Salah satu bentuk pembangunan pada segi ekonomi dan kesejahteraan masyarakat yaitu dengan membentuk Badan Usaha Milik Desa (selanjutnya disebut BUMDes). Menurut Pasal 117 Undang-Undang Nomor 11 Tahun 2020 tentang Cipta Kerja (selanjutnya disebut UU Cipta Kerja), yang dimaksud dengan BUMDes merupakan badan hukum yang didirikan oleh desa dan/atau bersama desa-desa guna mengelola usaha, memanfaatkan aset, mengembangkan investasi dan produktivitas, menyediakan jasa pelayanan, dan/atau menyediakan jenis usaha lainnya untuk sebesar-besarnya kesejahteraan masyarakat Desa.
Pembentukan BUMDes didasarkan pada kebutuhan dan potensi masyarakat Desa sebagai sarana untuk meningkatkan dan memperkuat perekonomian Desa, juga sebagai sarana untuk meningkatkan kualitas masyarakat Desa (Rahayuningsih et al., 2019). Selain itu, BUMDes juga diharapkan mampu menjadi sarana mata pencaharian masyarakat Desa, menggerakan roda perekonomian Desa, meningkatkan pendapatan asli Desa, dan juga meningkatkan pengelolaan potensi Desa. Dalam pelaksanaannya, BUMDes tidak hanya berorientasi pada keuntungan semata, namun juga dilaksanakan dengan maksud untuk memenuhi kebutuhan masyarakat Desa serta membantu penyelenggaraan Pemerintah Desa (Alfiansyah, 2021).
BUMDes juga diketahui memiliki dua fungsi, yaitu fungsi sosial dan fungsi ekonomi. BUMDes sebagai fungsi sosial bermakna bahwasannya BUMDes dapat turut serta dalam membangun Desa serta dapat menjadi pendamping usaha bagi masyarakat Desa, sedangkan BUMDes sebagai fungsi ekonomi artinya kegiatan usaha yang dijalankan oleh BUMDes diharapkan mampu menghasilkan keuntungan bagi Desa dan masyarakat Desa secara keseluruhan (Syam et al., 2021).
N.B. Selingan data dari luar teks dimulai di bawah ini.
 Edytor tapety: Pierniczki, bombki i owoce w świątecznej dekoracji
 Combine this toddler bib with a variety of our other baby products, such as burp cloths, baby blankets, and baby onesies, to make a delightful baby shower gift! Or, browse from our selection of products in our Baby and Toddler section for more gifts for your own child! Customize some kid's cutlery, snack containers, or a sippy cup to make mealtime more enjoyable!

Berkaitan dengan pengelolaannya, dalam Pasal 87 UU Desa dikatakan bahwa Desa dapat mendirikan BUMDes yang pengelolaannya dilakukan dengan semangat kekeluargaan dan gotong royong serta dengan menerapkan prinsip profesional, terbuka dan bertanggung jawab, kooperatif, partisipatif, akuntabel, memprioritaskan sumber daya lokal, dan berkelanjutan (Junaidi, 2022).
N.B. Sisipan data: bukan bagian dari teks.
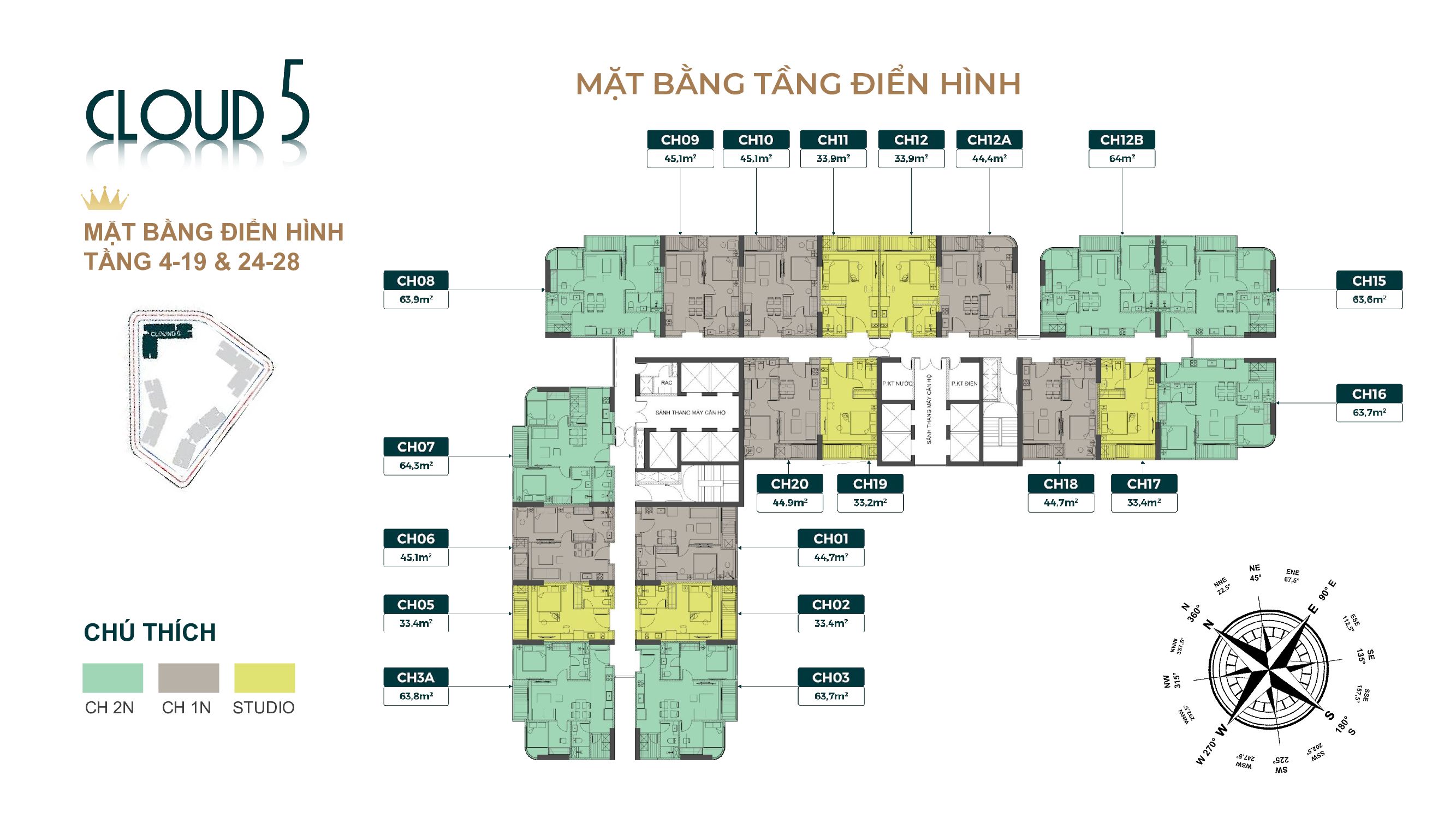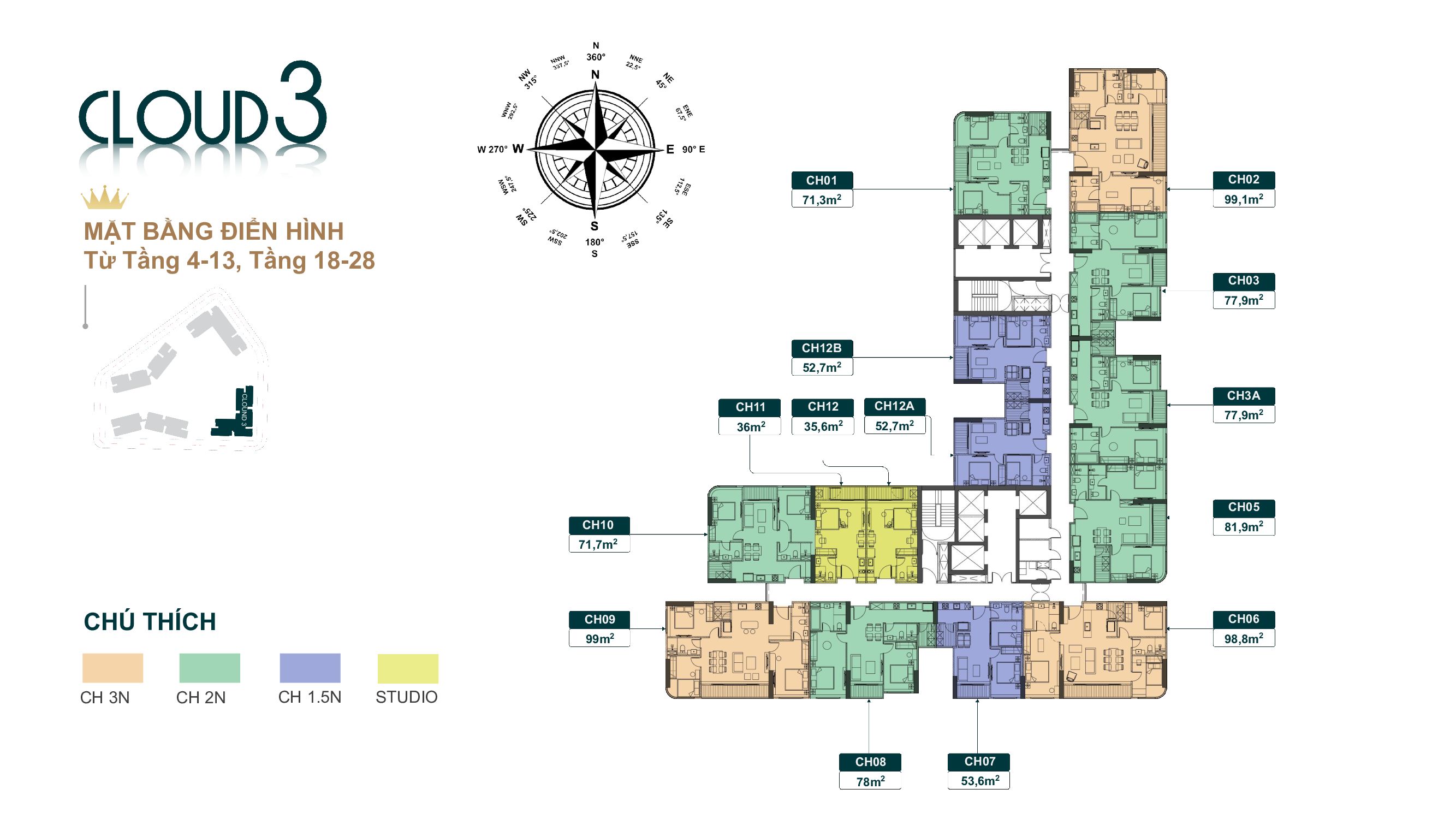 | Mặt bằng khối tháp | - 3 tầng hầm: 2.000 chỗ xe máy & 1.000 chỗ ô tô - Tầng 1–3: Shophouse khối đế - Tầng 4–28: Căn hộ cao cấp - Tầng 29: Penthouse & Duplex |

Peraturan turunan dari UU Cipta Kerja yang mengatur mengenai BUMDes yaitu Peraturan Pemerintah Nomor 11 Tahun 2021 tentang Badan Usaha Milik Desa (selanjutnya disebut PP BUMDes) memuat mengenai maksud dan tujuan didirikannya BUMDes, yakni sebagai berikut:
1. Melakukan kegiatan usaha ekonomi melalui
pengelolaan usaha, pengembangan investasi dan produktivitas perekonomian, dan potensi Desa;
2. Melakukan
kegiatan pelayanan umum, penyediaan barang dan/atau jasa, serta pemenuhan
kebutuhan masyarakat Desa;
3. Meningkatkan
pendapatan asli Desa dan mengembangkan sumber daya ekonomi masyarakat Desa;
4. Memanfaatkan
Aset Desa untuk menambah nilai Aset Desa;
5. Mengembangkan
ekosistem ekonomi digital Desa.
Selain itu, BUMDes juga memiliki karakteristiknya tersendiri, yakni sebagai berikut:
1. Pengelolaan BUMDes didasarkan
pada kegiatan ekonomi yang berbasis budaya lokal;
2. Jenis
usaha BUMDes didasarkan pada potensi dan sumber daya Desa;
3. Keuntungan
yang diperoleh digunakan untuk pembangunan Desa serta untuk meningkatkan
kesejahteraan masyarakat Desa;
4. Operasional
BUMDes diawasi secara bersama-sama oleh Pemerintah Desa, Badan Permusyawaratan
Desa, dan Perangkat Organisasi BUMDes yaitu Musyawarah Desa, Penasihat,
Pengawas, dan Pelaksana Operasional (Nugroho &
Suprapto, 2021).
Berkaitan dengan status hukumnya, sebagaimana telah disebutkan dalam Pasal 117 UU Cipta Kerja bahwa BUMDes merupakan badan hukum. Pendirian BUMDes ini disepakati melalui Musyawarah Desa, kemudian dalam Pasal 88 ayat (2) UU Desa diatur bahwa pendirian BUMDes ditetapkan dengan Peraturan Desa yang sebelumnya telah dibahas dan disepakati bersama oleh Kepala Desa dan Badan Permusyawaratan Desa. Artinya, BUMDes mendapatkan status badan hukum secara resmi yaitu setelah ditetapkan dengan Peraturan Desa.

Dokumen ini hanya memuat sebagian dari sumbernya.